Saccharomyces cerevisiae Pathway: tryptophan degradation

If an enzyme name is shown in bold, there is experimental evidence for this enzymatic activity.

Synonyms: trp degradation, Ehrlich pathway, fusel alcohol biosynthesis, indole-3-ethanol biosynthesis

Summary:
While Saccharomyces cerevisiae can use most amino acids as their sole nitrogen source, they can only use a few amino acids as a carbon source to support growth [Large86, Cooper82]. This is in contrast to most eukaryotes and some fungi, which can metabolize amino acids completely, utilizing them as sole sources of carbon and nitrogen [Stryer88, Large86]. S. cerevisiae degrade the aromatic amino acids (tryptophan, phenylalanine, and tyrosine) and the branched-chain amino acids (valine, leucine, and iso-leucine) via the Ehrlich pathway [Sentheshanmugan60, Dickinson00]. This pathway is comprised of the following steps: 1) deamination of the amino acid to the corresponding alpha-keto acid; 2) decarboxylation of the resulting alpha-keto acid to the respective aldehyde; and, 3) reduction of the aldehyde to form the corresponding long chain or complex alcohol, known as a fusel alcohol or fusel oil [Dickinson00, Large86]. Fusel alcohols are important flavor and aroma compounds in yeast-fermented food products and beverages (as reported in [terSchure98].

The primary aminotransferase in tryptophan degradation is postulated to be Aro9p [Kradolfer82]. In vitro studies demonstrated that Aro9p is active with phenylpyruvate, pyruvate, or p-hydroxyphenylpyruvate, but not 2-oxoglutarate as the amino acceptor [Kradolfer82]. Aro9p is induced by aromatic amino acids and is subject to nitrogen regulation [Kradolfer82, Iraqui99]. The decarboxylase encoding gene ARO10 appears to be transcriptionally regulated in a similar fashion [Iraqui99]. Gap1p, a general amino acid permease, and Wap1p, an inducible amino acid permease with wide substrate specificity, appear to be the main uptake systems for utilizing aromatic amino acids [Iraqui99].

Citations: [Dickinson03, Urrestarazu98, Iraqui98]

Locations of Mapped Genes:

Credits:
Revised 08-May-2008 by Krieger C, Saccharomyces Genome Database

References

Cooper82: Cooper, TG (1982). "Nitrogen Metabolism in Saccharomyces cerevisiae." In: Strathern JN, Jones EW, Broach JR (eds) The Molecular Biology of the Yeast Saccharomyces, Metabolism and Gene Expression.

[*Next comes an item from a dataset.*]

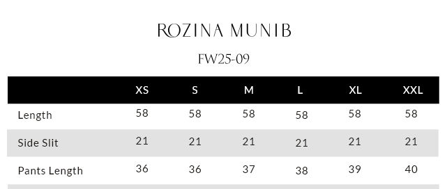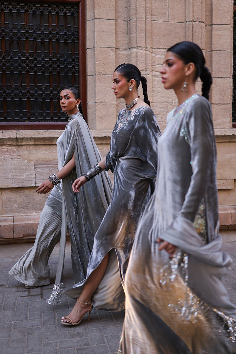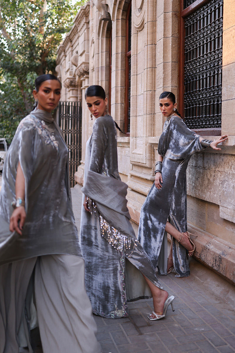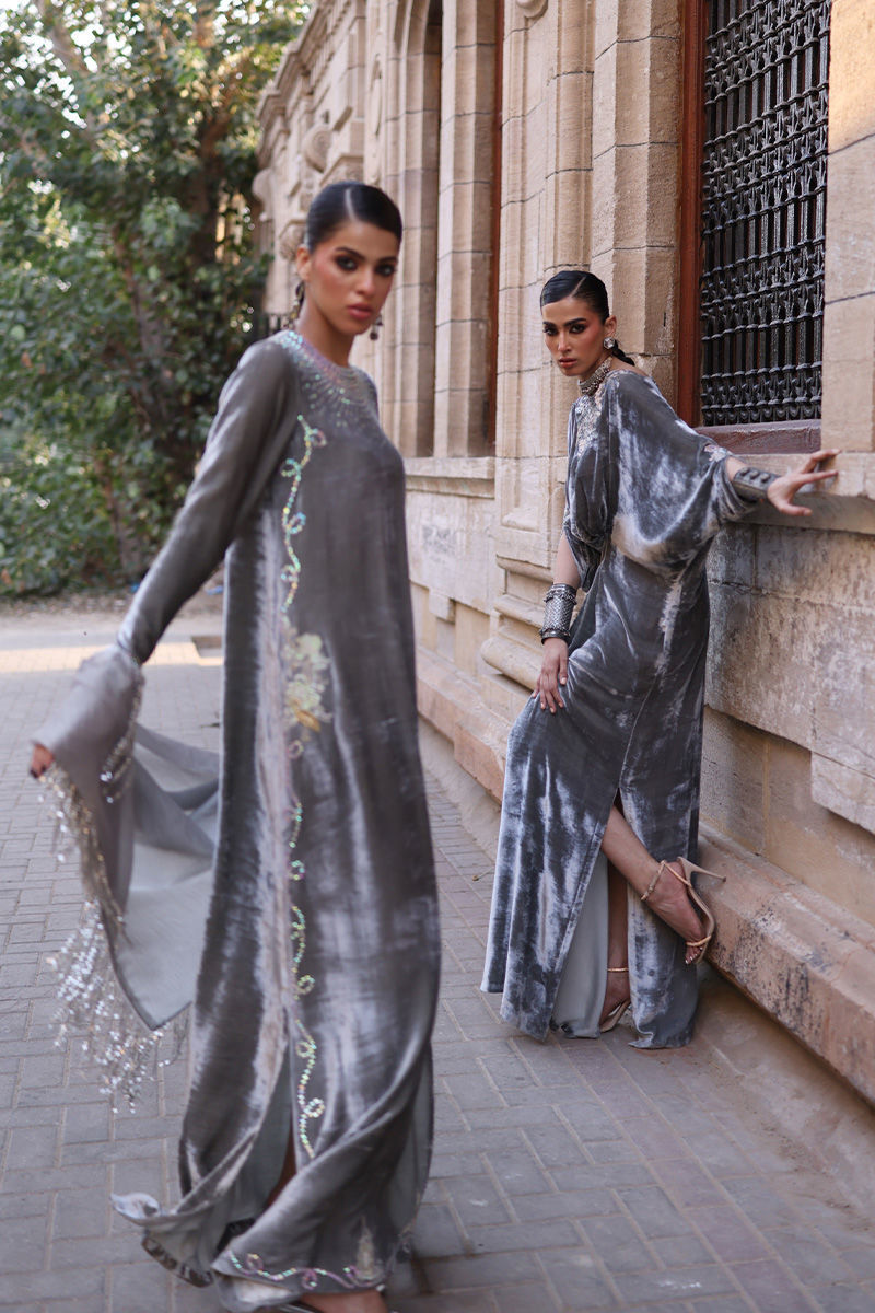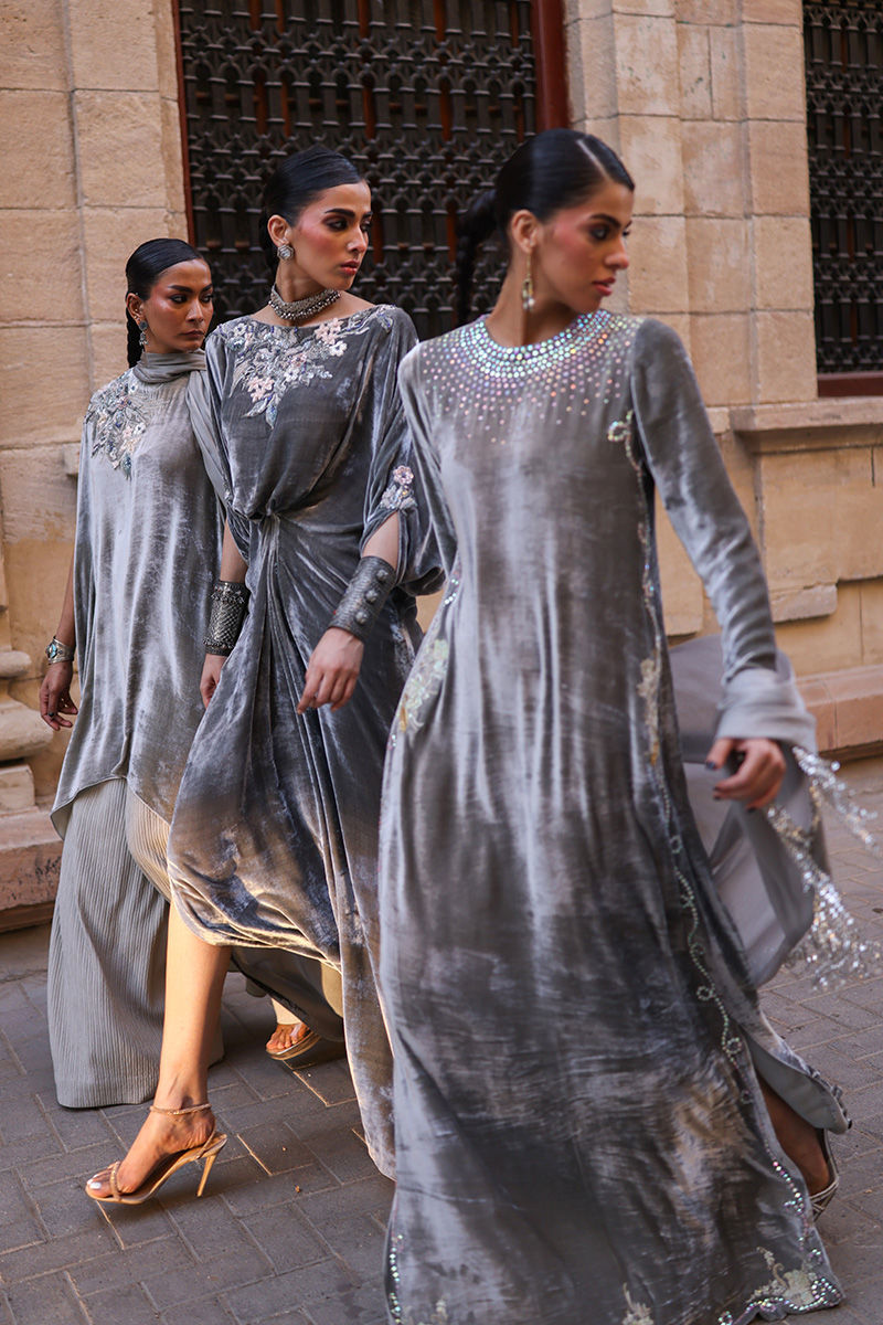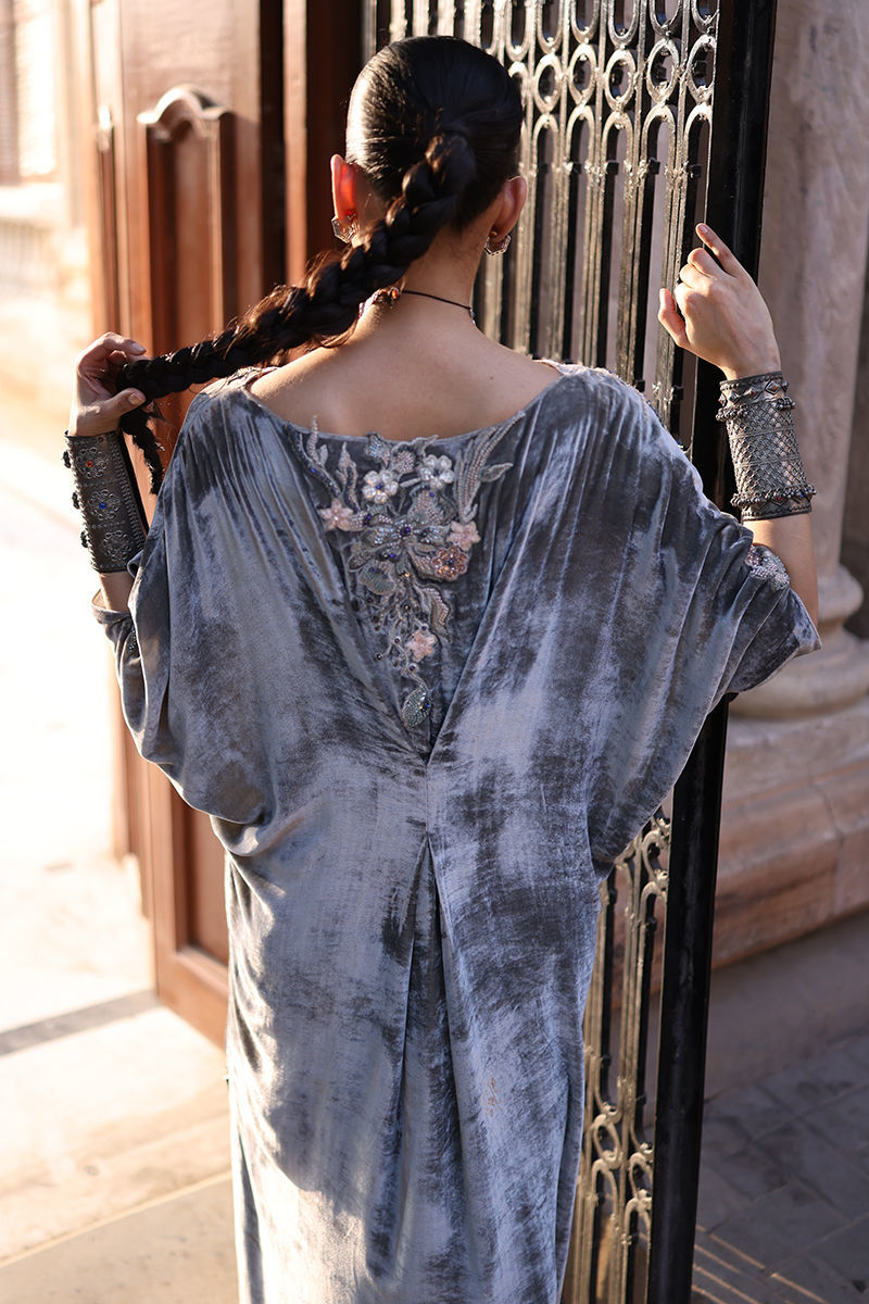 A sophisticated kaftan in luxurious pure velvet, paired with cotton charmeuse pants for comfort and elegance. The ensemble is adorned on the front, back, and sleeves with intricate silver zari and colored resham embroidery, enhanced with delicate cutdana, sequins, pearls, and crystals, showcasing exceptional handwork and timeless craftsmanship.

Cold Spring Harbor Laboratory Press, Cold Spring Harbor, New York, pp 39-99.

Dickinson00: Dickinson JR (2000). "Pathways of leucine and valine catabolism in yeast." Methods Enzymol 324;80-92. PMID: 10989420

Dickinson03: Dickinson JR, Salgado LE, Hewlins MJ (2003). "The catabolism of amino acids to long chain and complex alcohols in Saccharomyces cerevisiae." J Biol Chem 278(10);8028-34. PMID: 12499363

Iraqui98: Iraqui I, Vissers S, Cartiaux M, Urrestarazu A (1998). "Characterisation of Saccharomyces cerevisiae ARO8 and ARO9 genes encoding aromatic aminotransferases I and II reveals a new aminotransferase subfamily." Mol Gen Genet 257(2);238-48. PMID: 9491083

Iraqui99: Iraqui I, Vissers S, Andre B, Urrestarazu A (1999). "Transcriptional induction by aromatic amino acids in Saccharomyces cerevisiae." Mol Cell Biol 19(5);3360-71. PMID: 10207060

Kradolfer82: Kradolfer P, Niederberger P, Hutter R (1982). "Tryptophan degradation in Saccharomyces cerevisiae: characterization of two aromatic aminotransferases." Arch Microbiol 133(3);242-8. PMID: 6763508

Large86: Large PJ (1986). "Degradation of Organic Nitrogen Compounds by Yeasts." Yeast (2) 1-34.

Sentheshanmugan60: Sentheshanmuganathan S (1960). "The mechanism of the formation of higher alcohols from amino acids by Saccharomyces cerevisiae." Biochem J. 74:568-576.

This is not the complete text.